The attacks, the second such raid in less than a week, came as Sunni Arabs, believed to be the backbone of the raging insurgency, were seeking alliances to defeat Iraq’s newly drafted constitution.

“At least 56 people were killed in the airstrikes carried out by US forces near Qaim close to the Syrian border,” the security source told AFP. The US military said it had no exact numbers of casualties.

“There was a total of three strikes targeting terrorist safe houses... Abu Islam (a reported Al-Qaeda operative) and several associates are believed killed,” a US military spokesman said in Baghdad.

He said a total of eight bombs were dropped in three airstrikes on suspected Al-Qaeda hide-outs, including a safe house where Abu Islam and several associates were holed up. Abu Islam and several associates were believed killed in the strikes around Karabila near Qaim, 450 km west of Baghdad, he said.

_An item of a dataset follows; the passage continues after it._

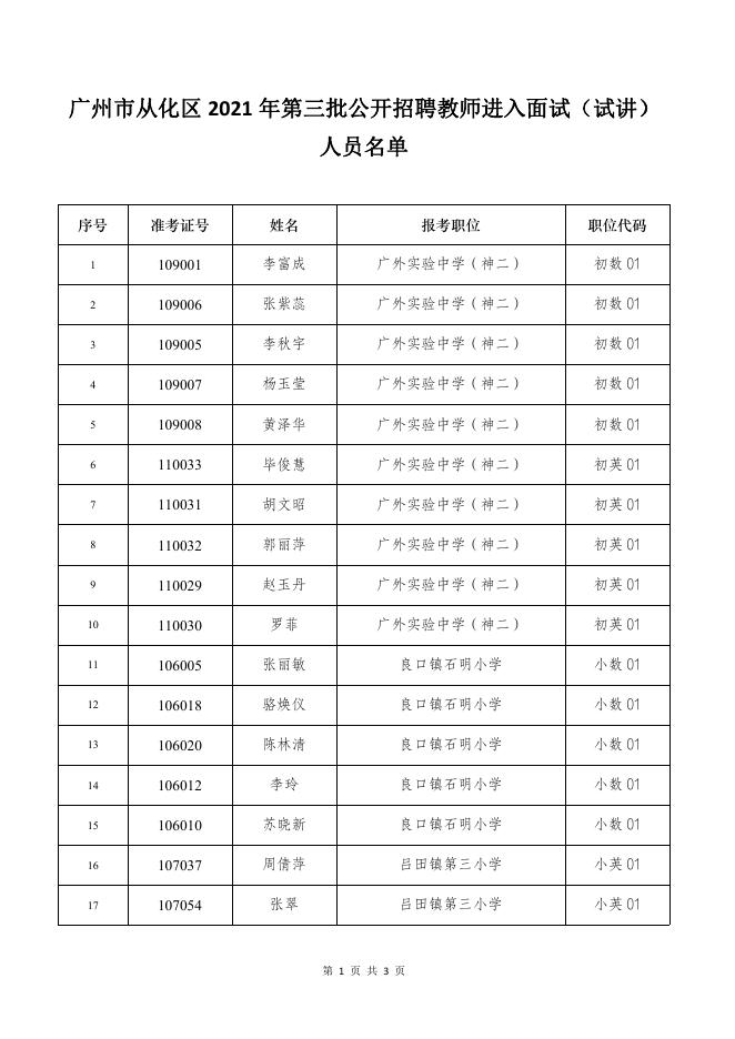 广州市从化区2021年第三批公开招聘教师进入面试(试讲)人员名单.pdf

On Friday the US military launched similar strikes against another suspected Al-Qaeda hide-out in the restive Al-Anbar province. Around 50 militants associated with Al-Qaeda front man in Iraq, Abu Musab Al-Zarqawi, were in a safe house in the border town of Husaybah at the time, it said but did not provide details of casualties.

Meanwhile, disenchanted Sunni Arabs reached out across the sectarian divide to seek alliances with any ethnic or religious groups opposed to the newly drafted constitution.

After staging demonstrations on Monday, Sunni leaders said they were opening talks with the movement of Shiite cleric Moqtada Sadr and preparing a national conference to generate public support for defeating the charter in a mid-October referendum.

“We would like to cooperate with Moqtada Sadr and very soon we will start negotiations with him,” Saleh Al-Mutlaq, a top Sunni negotiator, said.

Sadr, who rejects any constitution drafted under the US-led occupation, enjoys widespread support among poor urban Shiites and his militia led one of postwar Iraq’s fiercest rebellions against US-led forces last year. “It is not just about the Sunnis anymore. It is about all those who do not want Iraq to break up, including the Shiites,” Mutlaq said.

Yesterday, the US ambassador suggested there may be further changes to the draft constitution, saying he believed a “final, final draft” had not yet been presented.

“I believe that a final, final draft has not yet been, or the edits have not been, presented yet, so that is something that Iraqis will have to talk to each other and decide for themselves,” US Ambassador Zalmay Khalilzad told reporters.

The law says the version signed off by Parliament on Sunday cannot be amended. But Khalilzad said the door could be open for changes declared as “edits” to the approved text. There was no official comment from the Shiite parliamentary leadership whether it shared that opinion.